TASK ITEM => A faithful copy without images is required: write out all the records exactly.

[Saved data entries]
--- START ---
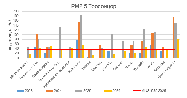 РМ2.5 тоосонцор нь Баруун 4-н зам орчим АЧС-аас 3.5 мкг/м3 –ээр их, Бөхийн өргөө орчим АЧС-аас 13.5 мкг/м3 –ээр их, Цахилгаан станц орчим АЧС-аас 1.5 мкг/м3 –ээр их, Ургах наран хороолол орчим АЧС-аас 5.5 мкг/м3 –ээр их, Хайлааст орчим АЧС-аас 19.5 мкг/м3 –ээр их, Толгойт орчим АЧС-аас 10.5 мкг/м3 –ээр их, Зурагт орчим АЧС-аас 1.5 мкг/м3 –ээр их, Дамбадаржаа орчим АЧС-аас 45.5 мкг/м3 –ээр их, бусад цэгүүдэд MNS 4585:2025 АЧС-аас даваагүй байна.
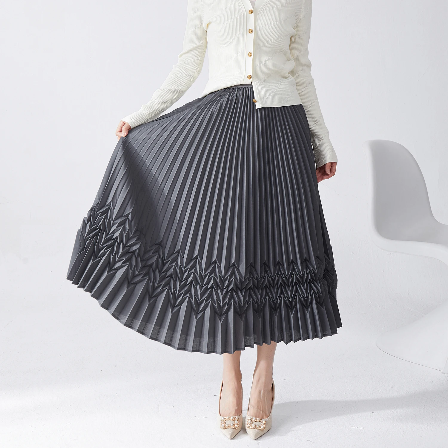 2025 Latest Women's Pleated Skirts Casual Fashion Polyester Fabric A-Line Skirts
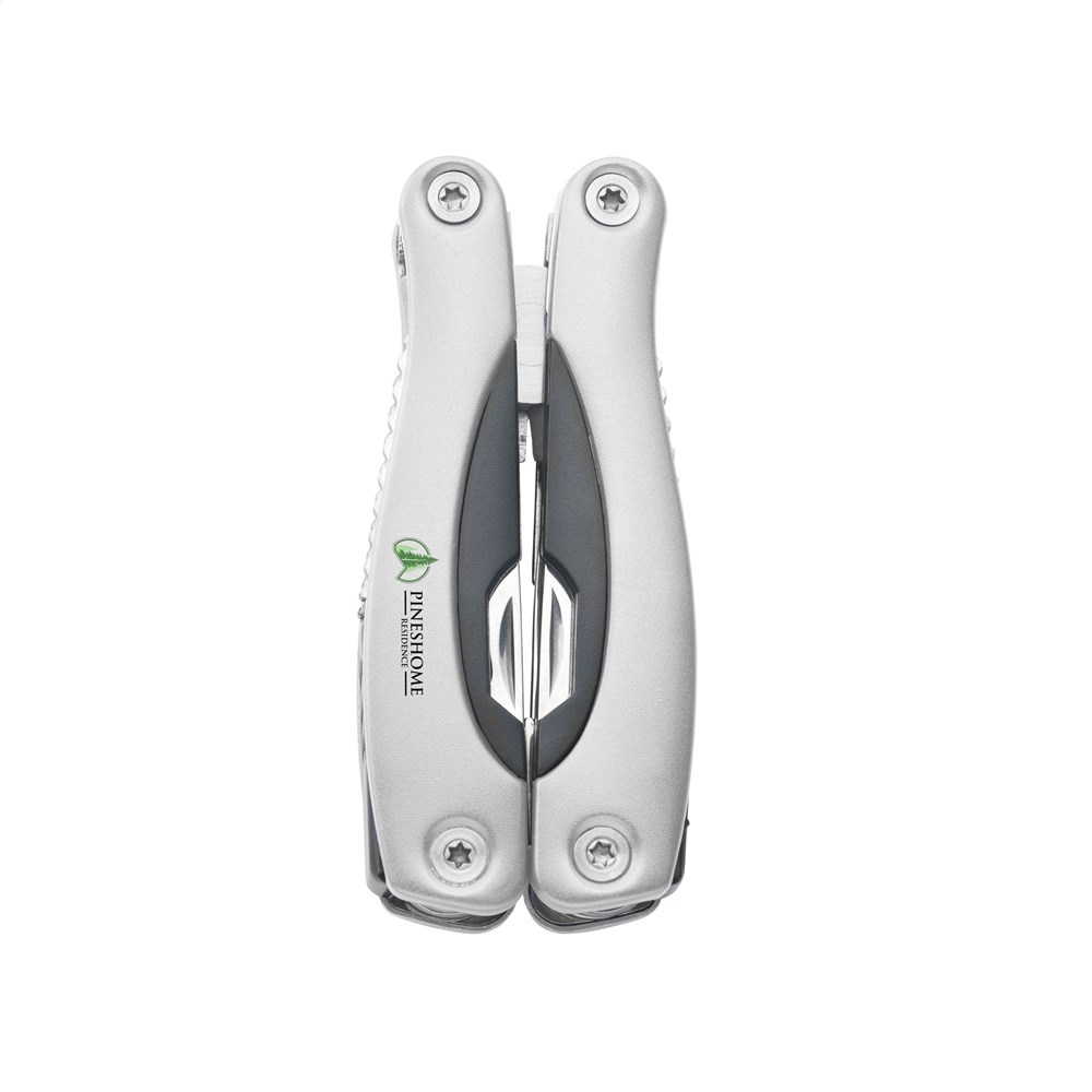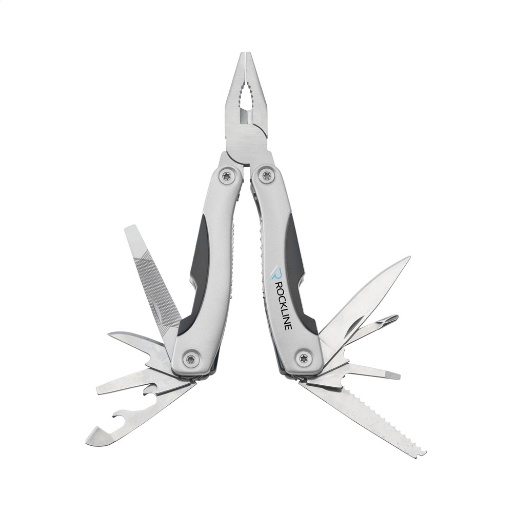 Compact stainless steel multi tool with aluminium hand grip and metallic look. 9-pieces with 13 functions: tongs, wire cutter, 3 screwdrivers, phillips screwdriver, file, saw/fish scraper, knife, reamer, can opener and cap lifter. In a 600D nylon pouch. Please note local rules may apply regarding the possession and/or carrying of knives or multitools in public. Each item is supplied in an individual brown cardboard box.
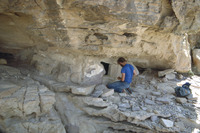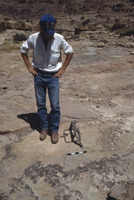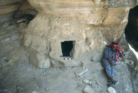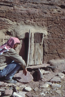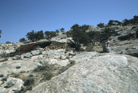 Jordan. Petra, remote storage unit, Sa'ads site, 88-28, overview with Monson (Bill) Shaver poluting at shelter
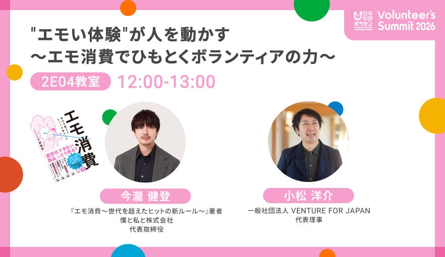 そんな「Volunteer’s Summit 2026」に、僕と私と株式会社代表の今瀧健登の登壇が決定。「社会とつながるボランティア」をテーマとしたプログラム内のセッションにて、一般社団法人VENTURE FOR JAPAN代表理事・小松洋介氏とともに、“エモい体験”が人を動かす理由を、ボランティアの視点から考えます。
--- END ---
EXERCISE RESPONSE =>
 РМ2.5 тоосонцор нь Баруун 4-н зам орчим АЧС-аас 3.5 мкг/м3 –ээр их, Бөхийн өргөө орчим АЧС-аас 13.5 мкг/м3 –ээр их, Цахилгаан станц орчим АЧС-аас 1.5 мкг/м3 –ээр их, Ургах наран хороолол орчим АЧС-аас 5.5 мкг/м3 –ээр их, Хайлааст орчим АЧС-аас 19.5 мкг/м3 –ээр их, Толгойт орчим АЧС-аас 10.5 мкг/м3 –ээр их, Зурагт орчим АЧС-аас 1.5 мкг/м3 –ээр их, Дамбадаржаа орчим АЧС-аас 45.5 мкг/м3 –ээр их, бусад цэгүүдэд MNS 4585:2025 АЧС-аас даваагүй байна.
 2025 Latest Women's Pleated Skirts Casual Fashion Polyester Fabric A-Line Skirts
 Compact stainless steel multi tool with aluminium hand grip and metallic look. 9-pieces with 13 functions: tongs, wire cutter, 3 screwdrivers, phillips screwdriver, file, saw/fish scraper, knife, reamer, can opener and cap lifter. In a 600D nylon pouch. Please note local rules may apply regarding the possession and/or carrying of knives or multitools in public. Each item is supplied in an individual brown cardboard box.
 Jordan. Petra, remote storage unit, Sa'ads site, 88-28, overview with Monson (Bill) Shaver poluting at shelter
 そんな「Volunteer’s Summit 2026」に、僕と私と株式会社代表の今瀧健登の登壇が決定。「社会とつながるボランティア」をテーマとしたプログラム内のセッションにて、一般社団法人VENTURE FOR JAPAN代表理事・小松洋介氏とともに、“エモい体験”が人を動かす理由を、ボランティアの視点から考えます。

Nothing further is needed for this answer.